How to Use Cross-Validation for a KNN Classification Model in R

Jesse John Feb 02, 2024
  1. Different Cross-Validation Approaches
  2. Repeated K-Fold Cross Validation for a K-Nearest Neighbor Classification Model
How to Use Cross-Validation for a KNN Classification Model in R

Cross-validation allows us to assess a model’s performance on new data even though we only have the training data set. It is a general technique that can apply to regression and classification models.

This article will discuss how to perform k-fold repeated cross-validation for a K-Nearest Neighbor (KNN) classification model. We will employ the caret package for this purpose.

The K in KNN refers to the number of neighbors of observation. On the other hand, k in k-fold is the number of subsets of the training data.

Different Cross-Validation Approaches

There are different approaches to cross-validation.

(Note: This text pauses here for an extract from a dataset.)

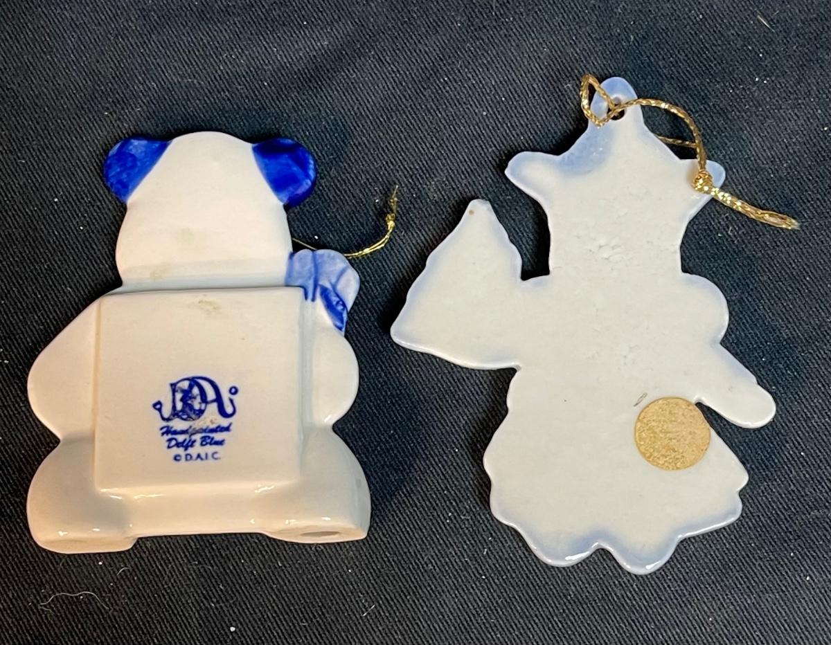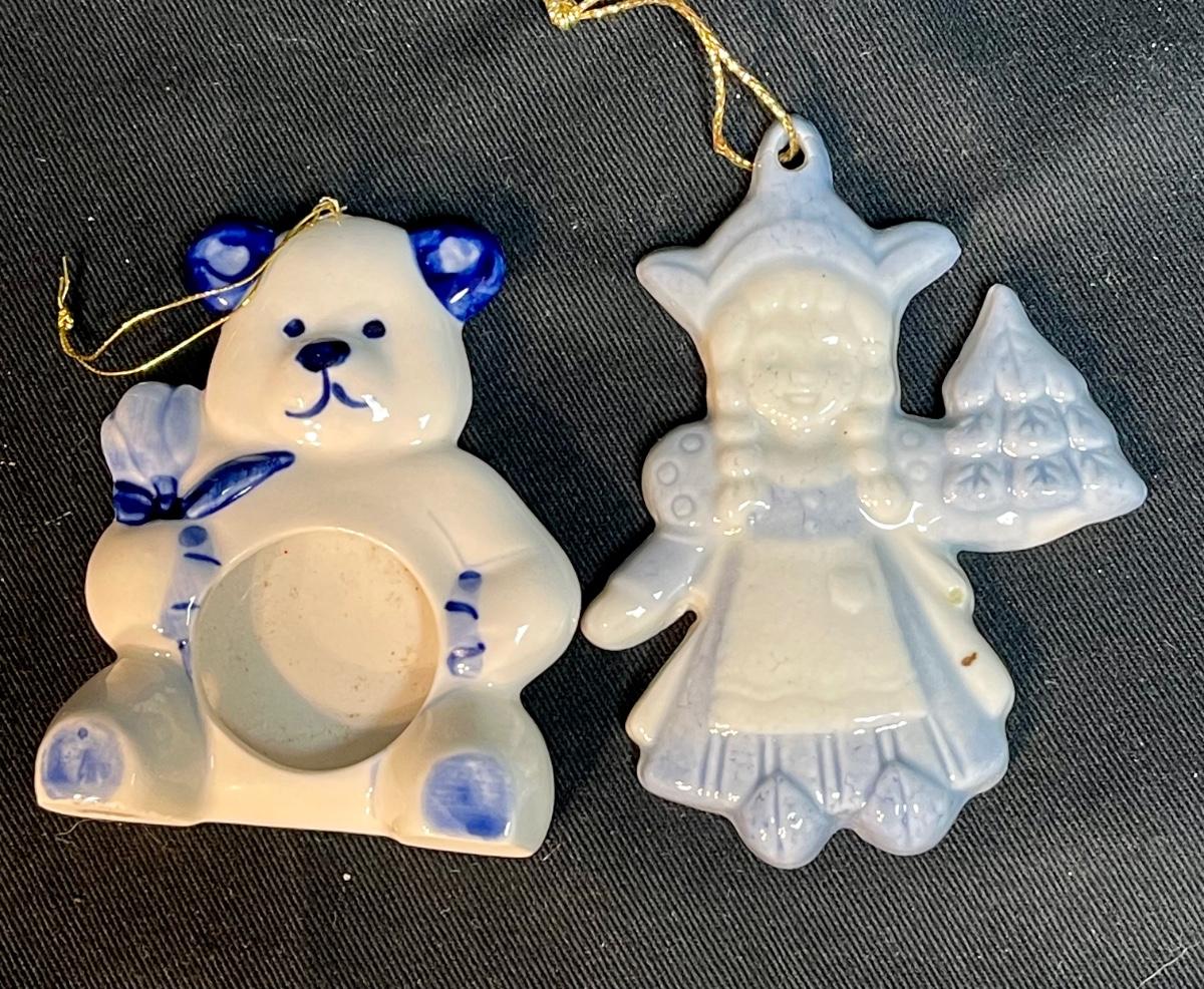 2 Delft Blue Ornaments - Bear Picture Frame and Dutch Girl with Tree

The most basic version uses one subset of the training data to validate the model, called the validation set approach. The model is fit only once and then tested on the subset.

The other involves fitting as many models as there are observations and taking the average error rate. Each model is fitted with one observation left out; the model is then tested on that one observation.

This is called Leave One Out Cross Validation (LOOCV).

The most helpful approach involves:

  1. Splitting the training data set into k folds (groups),
  2. Fitting the model k times,
  3. Leaving out one fold, and
  4. Testing the model on that.

This is called the k-fold cross-validation. Usually, a k value of 5 or 10 gives good results.

An enhancement to the k-fold cross-validation involves fitting the k-fold cross-validation model several times with different splits of the folds. This is called the repeated k-fold cross-validation, which we will use.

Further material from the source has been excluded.